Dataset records
* * *

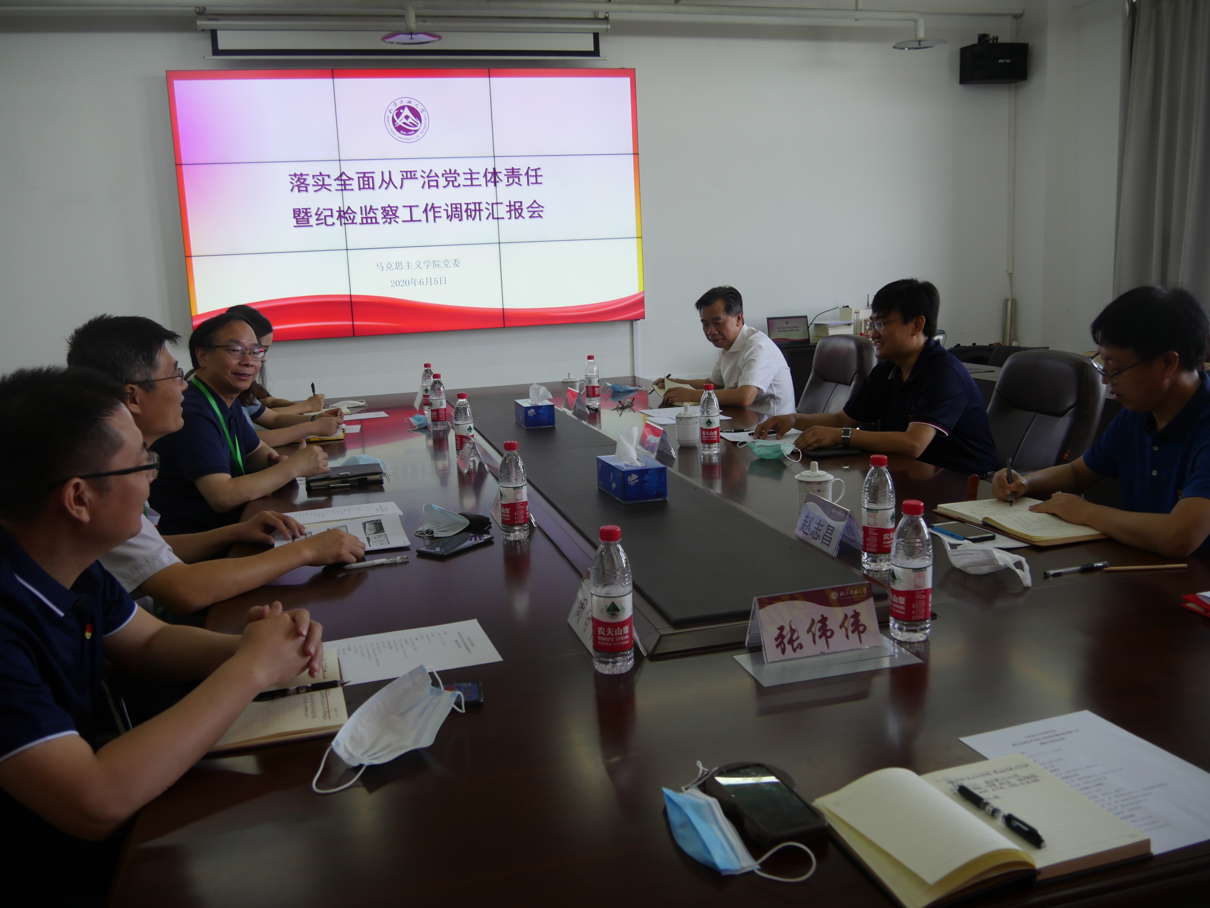 6月5日上午9点,以校纪委书记马春成为组长的校纪委工作组一行3人,就我院履行全面从严治党主体责任暨纪检监察工作情况进行调研。院党委副书记张茂林主持汇报会。院长张加才,党委委员周守高、刘以沛,教师代表温泉出席汇报会。
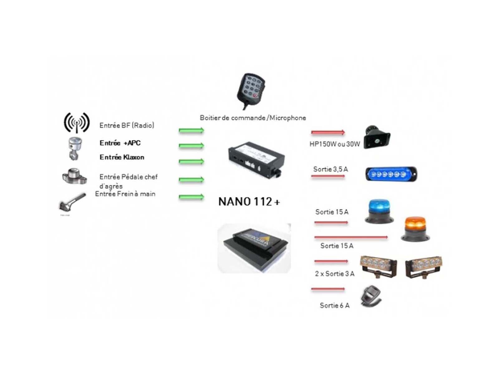 Le système de commande NANO 112+ est conçu pour les véhicules prioritaires. Ce boîtier multifonction centralise toutes les commandes de signalisation, garantissant une utilisation simple et efficace. Grâce à ses protections avancées, il assure une sécurité optimale pour vos équipements.
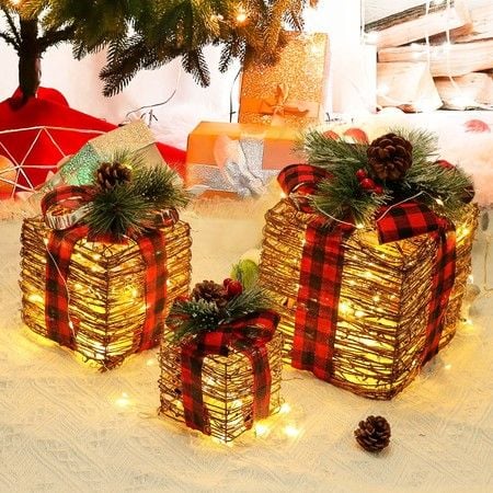 Christmas Lights LED Lighted Gift Boxes Tree Decorations Outdoor Indoor Light Up Presents Ornaments Warm White Fairy Lighting Wedding Holiday Garden
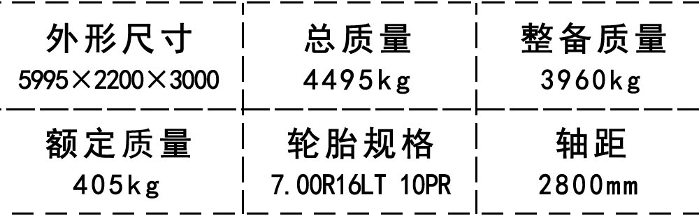 軸 距(mm) | 2800,3280,3360,3600 | 后輪距(mm) | 1555,1595,1695,1795 |
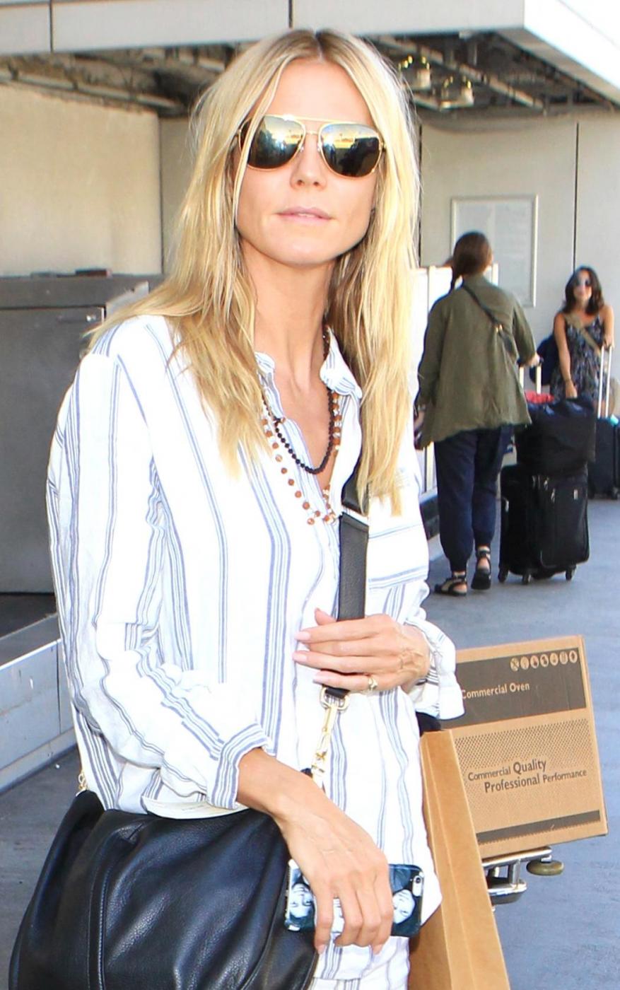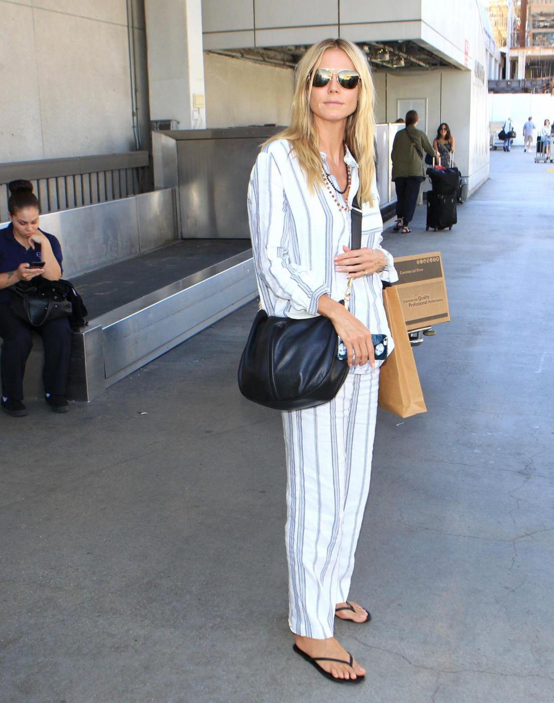 LOS ANGELES – Heidi Klum, “pigiama” e infradito… ma è sempre chic! Può riuscirci solo lei: indossare un completo a righe che assomiglia molto ad un pigiama, flip-flop ai piedi e apparire lo stesso super chic. Non c’è storia: in quanto ad eleganza Heidi Klum non deve prendere lezioni da nessuna. Paparazzata all’aeroporto di Los Angeles, l’ex super modella possiede una allure super chic e fashion con un completo blusa e pantaloni che farebbe impallidire chiunque. Borsa a tracolla come le ultime tendenze vogliono e maxi collane completano il look.
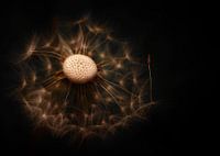 Eeen macrofoto van een paardenbloem met een zwart/blauwe achtergrond.

* * *

* _What is being asked_:
Your answer must be an exact copy of the records above, with no pictures included.

* _Exercise answer_:
 6月5日上午9点,以校纪委书记马春成为组长的校纪委工作组一行3人,就我院履行全面从严治党主体责任暨纪检监察工作情况进行调研。院党委副书记张茂林主持汇报会。院长张加才,党委委员周守高、刘以沛,教师代表温泉出席汇报会。
 Le système de commande NANO 112+ est conçu pour les véhicules prioritaires. Ce boîtier multifonction centralise toutes les commandes de signalisation, garantissant une utilisation simple et efficace. Grâce à ses protections avancées, il assure une sécurité optimale pour vos équipements.
 Christmas Lights LED Lighted Gift Boxes Tree Decorations Outdoor Indoor Light Up Presents Ornaments Warm White Fairy Lighting Wedding Holiday Garden
 軸 距(mm) | 2800,3280,3360,3600 | 后輪距(mm) | 1555,1595,1695,1795 |
 LOS ANGELES – Heidi Klum, “pigiama” e infradito… ma è sempre chic! Può riuscirci solo lei: indossare un completo a righe che assomiglia molto ad un pigiama, flip-flop ai piedi e apparire lo stesso super chic. Non c’è storia: in quanto ad eleganza Heidi Klum non deve prendere lezioni da nessuna. Paparazzata all’aeroporto di Los Angeles, l’ex super modella possiede una allure super chic e fashion con un completo blusa e pantaloni che farebbe impallidire chiunque. Borsa a tracolla come le ultime tendenze vogliono e maxi collane completano il look.
 Eeen macrofoto van een paardenbloem met een zwart/blauwe achtergrond.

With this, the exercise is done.